Action item – All lines from the one bearing "Natural White Opal 4.83" through the end of the data below must be printed exactly as they stand, with pictures removed.

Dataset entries
#####

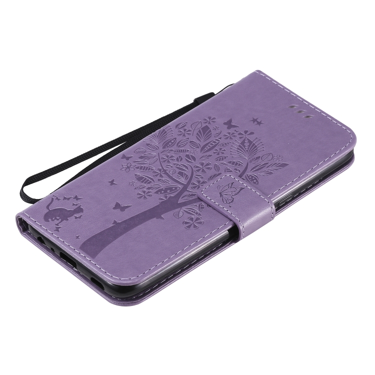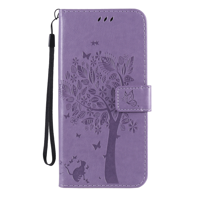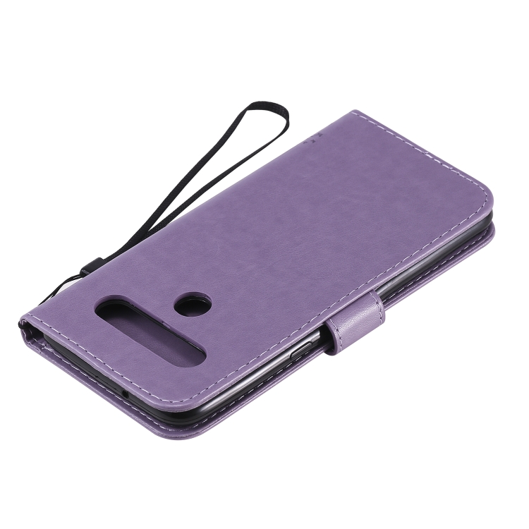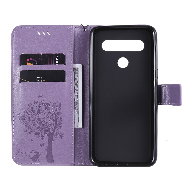 Funda de Cuero para LG K61 Tree & CAT con Tapa Horizontal, Soporte, Ranuras para Tarjetas y Cordón (Morado Claro)
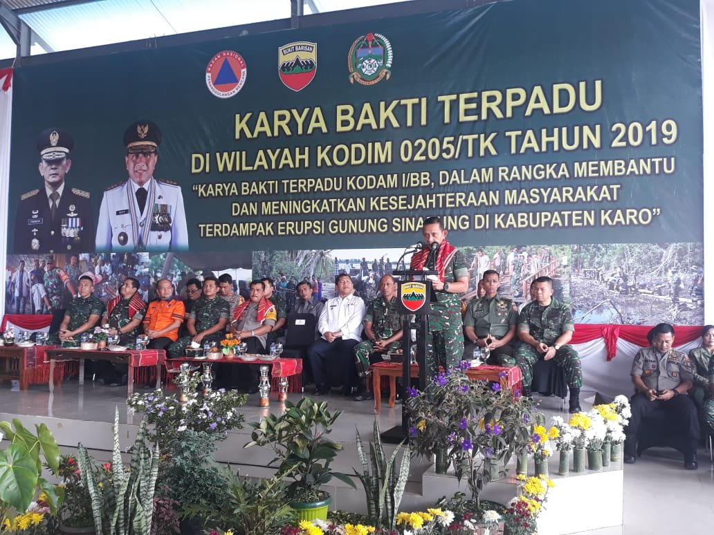 “Karya bakti TNI terpadu yang kita laksanakan ini merupakan bentuk kerjasama antara TNI dengan pemerintah daerah dengan menggabungkan program karya bakti TNI dengan program rehabilitasi dampak erupsi gunung sinabung yang merupakan program BPBD Provinsi Sumut,” tambahnya.
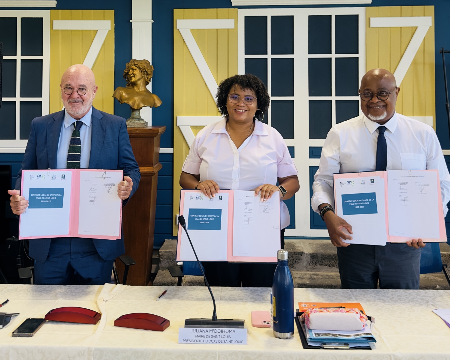 Ce jeudi 6 mars 2025, la ville de Saint-Louis représentée par sa maire Juliana M’Doihoma a signé son Contrat local de santé (CLS) avec Gérard Cotellon, le directeur général de l’Agence régionale de santé (ARS) La Réunion. Objectifs : mieux répondre aux besoins de santé des 50.000 habitants de la commune grâce à "une démarche partenariale et une approche globale des déterminants de santé". Nous publions le communiqué de l'ARS ci-dessous. (Photo : ville de Saint-Louis)
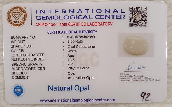 Natural White Opal 4.83 Rat...Natural White Opal 5.00Ratti| Oval Cabochone| Certified No. IGCDKBAJ42989
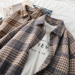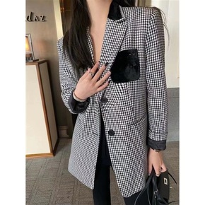 复古黑白千鸟格~通勤宽松薄款一粒扣羊毛小西装外套2...

#####

Exercise output –
 Natural White Opal 4.83 Rat...Natural White Opal 5.00Ratti| Oval Cabochone| Certified No. IGCDKBAJ42989
 复古黑白千鸟格~通勤宽松薄款一粒扣羊毛小西装外套2...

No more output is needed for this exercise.